Back to the point, I recently purchased yet another book on scriptwriting called Lew Hunter's Screenwriting 434, which impressed me by not seeming to complicated in its approach and not to bogged down in some sort of complex theory. It's advice on character building was looking for the soul of the character by writing out a description, not one of these descriptons:


Name: Sophie Miller
Age: 24


Sophie Miller is a magazine journalist, who lives in London. She moved there from North Yorkshire two years ago after studying English and Journalism at university. She has a chic apartment in the good partof town. She plays tennis, likes Gucci shoes.
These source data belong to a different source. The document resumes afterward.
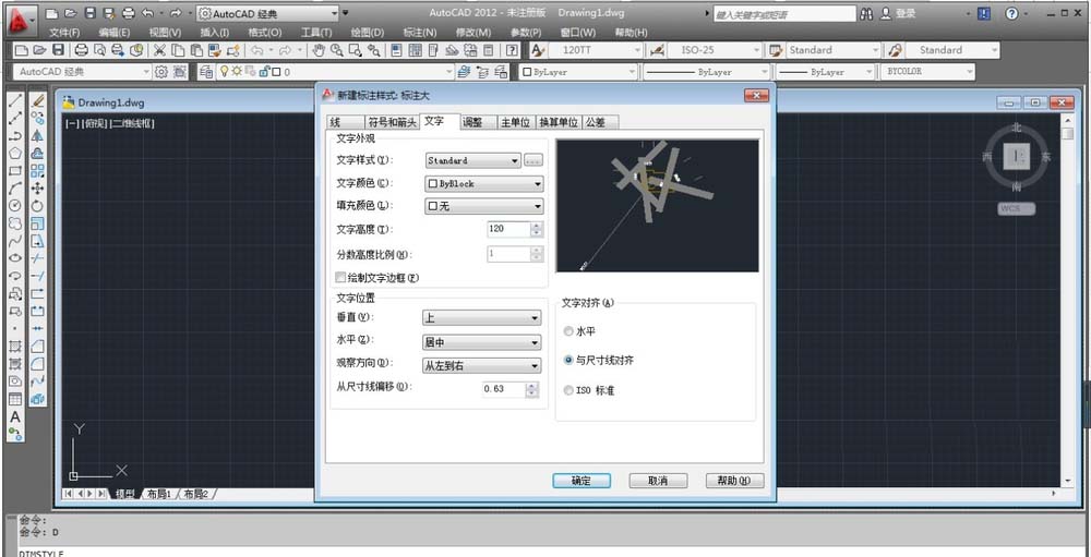 7、文字的大小大標注使用的是120、中標注字的大小100。調整方面選擇尺寸線的上方,不帶引線,如下圖所示。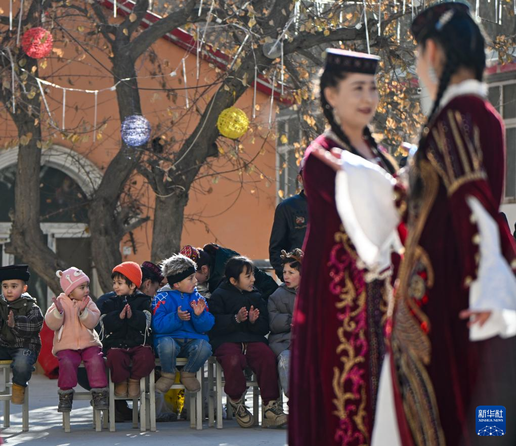 村民在大同乡阿依克日克村小广场上观看由大同乡库如克兰干村小朋友表演的舞蹈《春天的花》(1月7日摄)。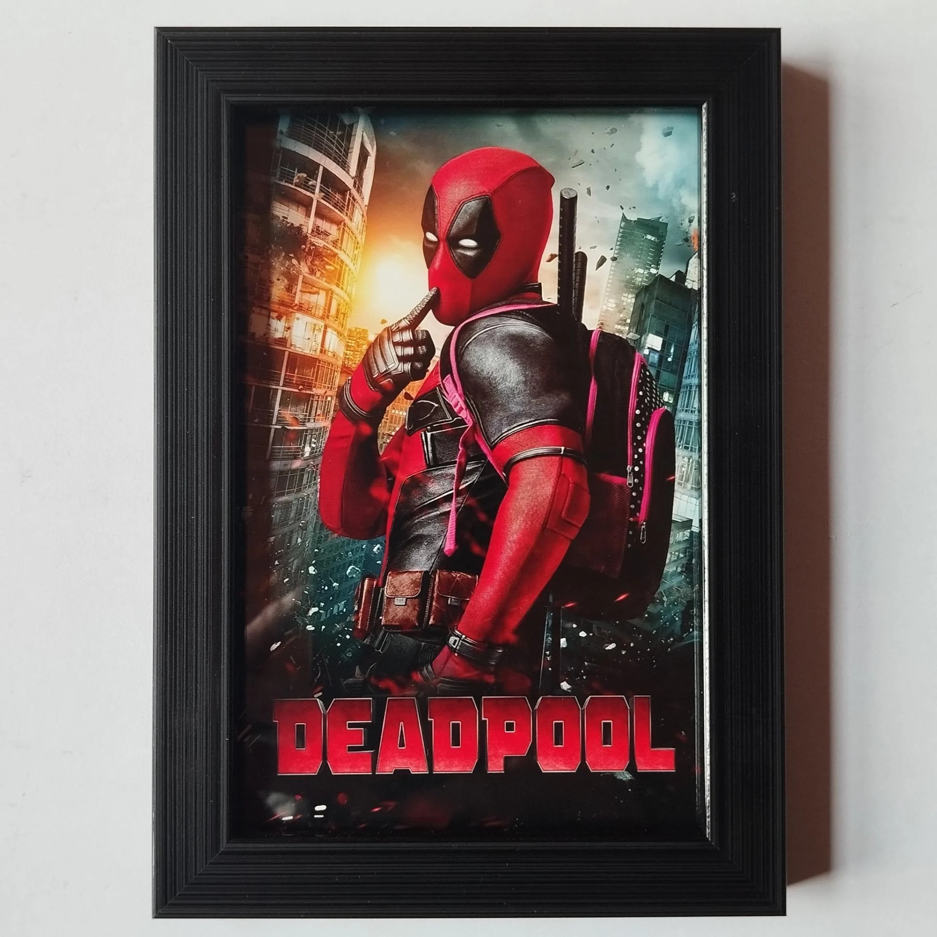 Description : Photo DEADPOOL avec cadre qui dispose d'un système d'accroche murale ou d'un pied qui permet de décorer votre table ou étagère.

She has a boyfriend called Nick who is a finanical consultant. etc. etc.


Which I had been using, for some strange reason - despite the fact that Robert McKee's book  Story had pointed out that character should not be a list of traits and ticks, but should be shown through action and how they react - which is good advice too. 


So, anyway, the examples given in Lew's book went something like this instead:


Sophie Miller looks like any normal young office worker at a London magazine - all fashionably dressed, tidy hair and a neat smile. Her only give away is the slight accent, slightly Northern, though she's tried very hard to lose it. Sophie abandoned the hills of Yorkshire two years ago for the dream life of posh restuarants, sharp suited, attractive boyfriends, expensive shoes and yoga lessons. The lifestyle she'd read about in the glossy magazines of the Sunday papers she read as a girl. Now she has it, the finanical consultant boyfriend Nick, the chic apartment, the tennis matches against the glamourous next door neighbours - and she hates it. The London buildings seem to push out the sky. She misses cycling down to the local swimming pool on hot days, and hates spending her time in an office writing about handbags. She's bought tons of handbags now, and she knows, that no matter how expensive they are, they won't change your life. 


As you can see, this sums up the persons thoughts, feelings and here, even their inner conflict. It's not quite as good as the book examples, but you see what I mean about soul? You may not know her favourite type of shoe, but you know her. I would reccomend this exercise to all writers, it really gets you in the mind-set of the character, and I'm definitely using it from now on.